Preclinical in vivo QT measurement as a proarrhythmia essay is expensive and not reliable enough. The aim of the present study was to develop a sensitive, cost-effective, Langendorff perfused guinea pig heart model for proarrhythmia safety screening.

Methods

Low concentrations of dofetilide and cisapride (inhibitors of the rapid delayed rectifier potassium current, I_Kr) were tested alone and co-perfused with HMR-1556 (inhibitor of the slow delayed rectifier potassium current, I_Ks) in Langendorff perfused guinea pig hearts. The electrocardiographic rate corrected QT (QTc) interval, the T_peak–T_end interval and the beat-to-beat variability and instability (BVI) of the QT interval were determined in sinus rhythm.

Results

Dofetilide and HMR-1556 alone or co-perfused, prolonged the QTc interval by 20 ± 2%, 10 ± 1% and 55 ± 10%, respectively.

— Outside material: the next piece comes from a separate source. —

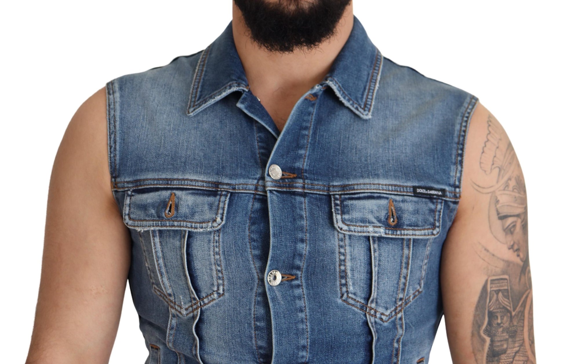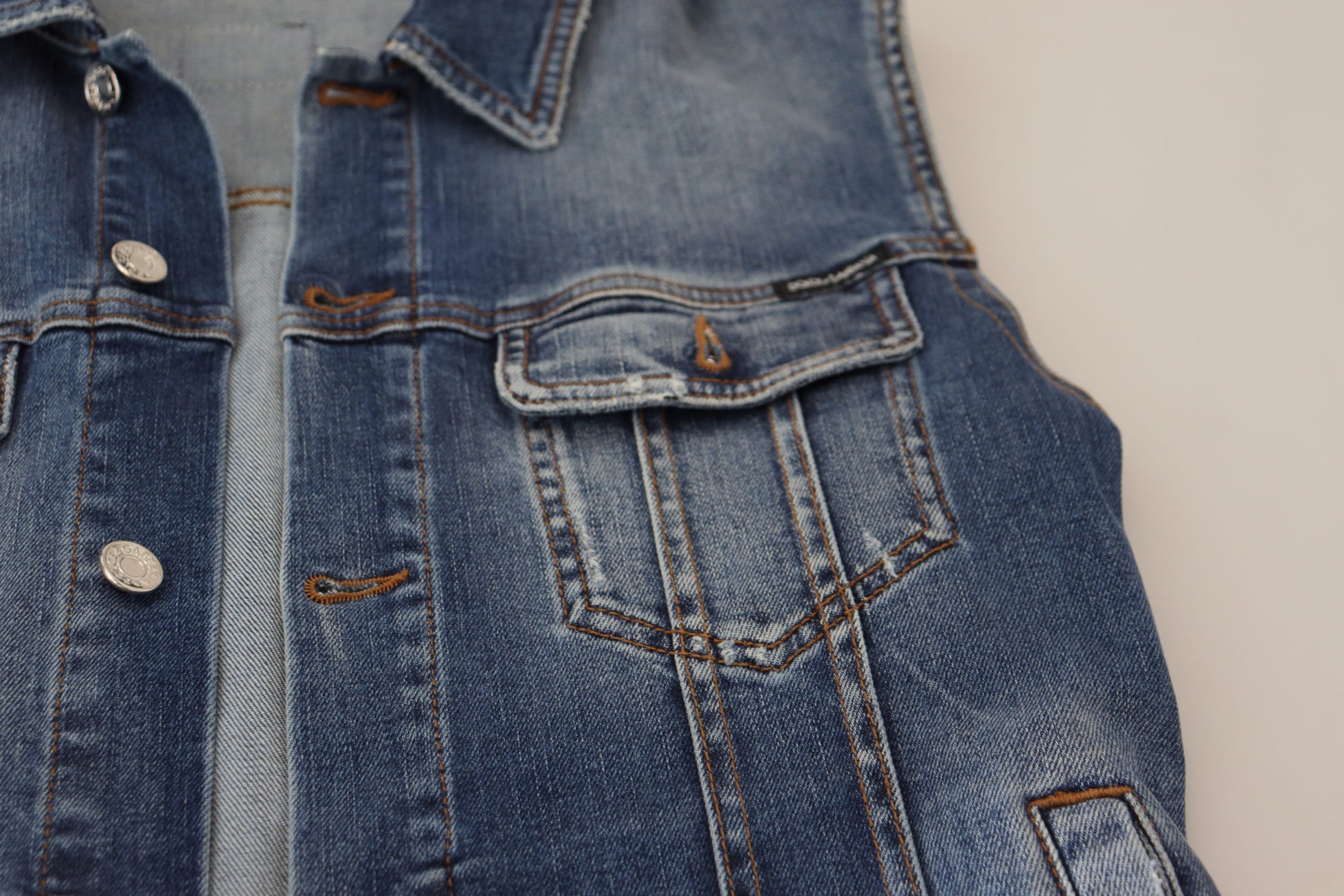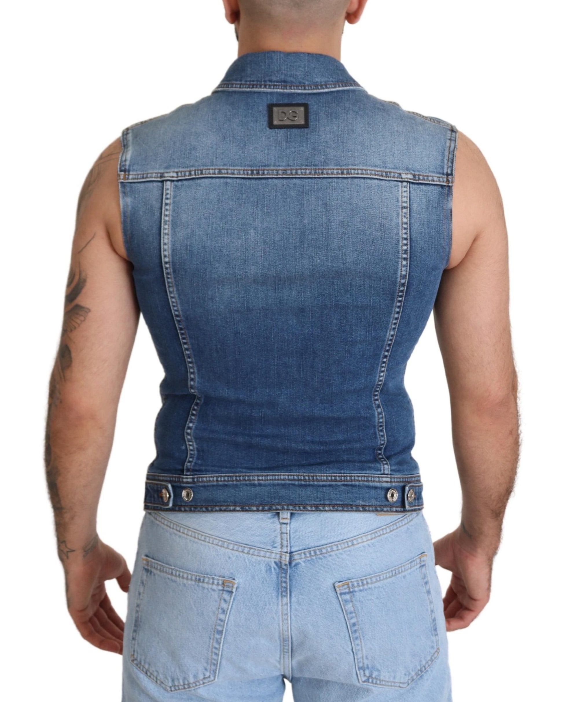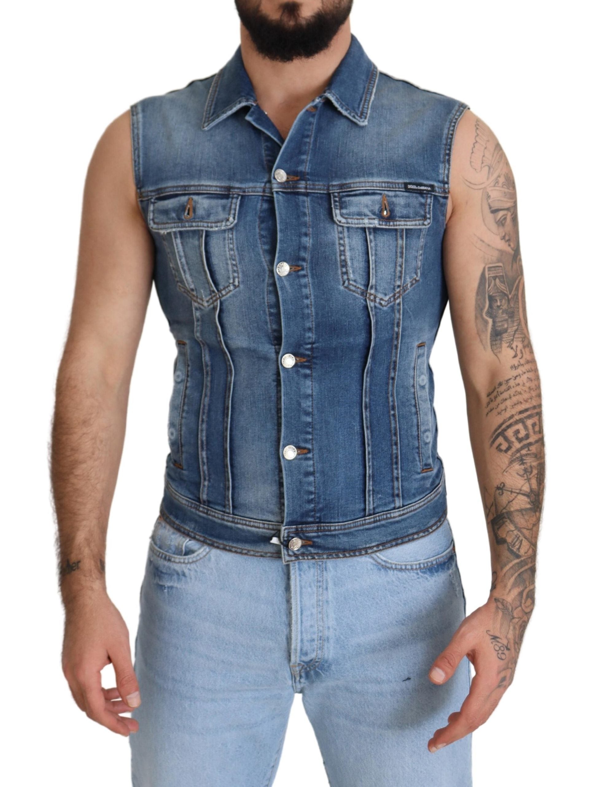Discover the epitome of Italian craftsmanship with this stunning single breasted denim vest from Dolce & Gabbana. This vest is a true statement piece for any fashion aficionado, featuring exquisite logo details and constructed with the finest materials. Perfect for layering or as a standout piece, it embodies sophistication and style. Made in Italy, it’s an authentic addition to your wardrobe, complete with tags.

Similarly, cisapride and HMR-1556 alone or co-perfused, prolonged the QTc interval by 11 ± 3%, 11 ± 4% and 38 ± 6%, respectively. Catecholamine-induced fast heart rate abolished the QTc prolonging effects of the I_Kr inhibitors, but augmented the QTc prolongation during I_Ks inhibition. None of the drug perfusions increased significantly the T_peak–T_end interval and the sinus BVI of the QT interval.

Discussion

I_Ks inhibition increased the QTc prolonging effect of I_Kr inhibitors in a super-additive (synergistic) manner, and the QTc interval was superior to other proarrhythmia biomarkers measured in sinus rhythm in isolated guinea pig hearts. The effect of catecholamines on the QTc facilitated differentiation between I_Kr and I_Ks inhibitors. Thus, QTc measurement in Langendorff perfused guinea pig hearts with pharmacologically attenuated repolarization reserve and periodic catecholamine perfusion seems to be suitable for preclinical proarrhythmia screening.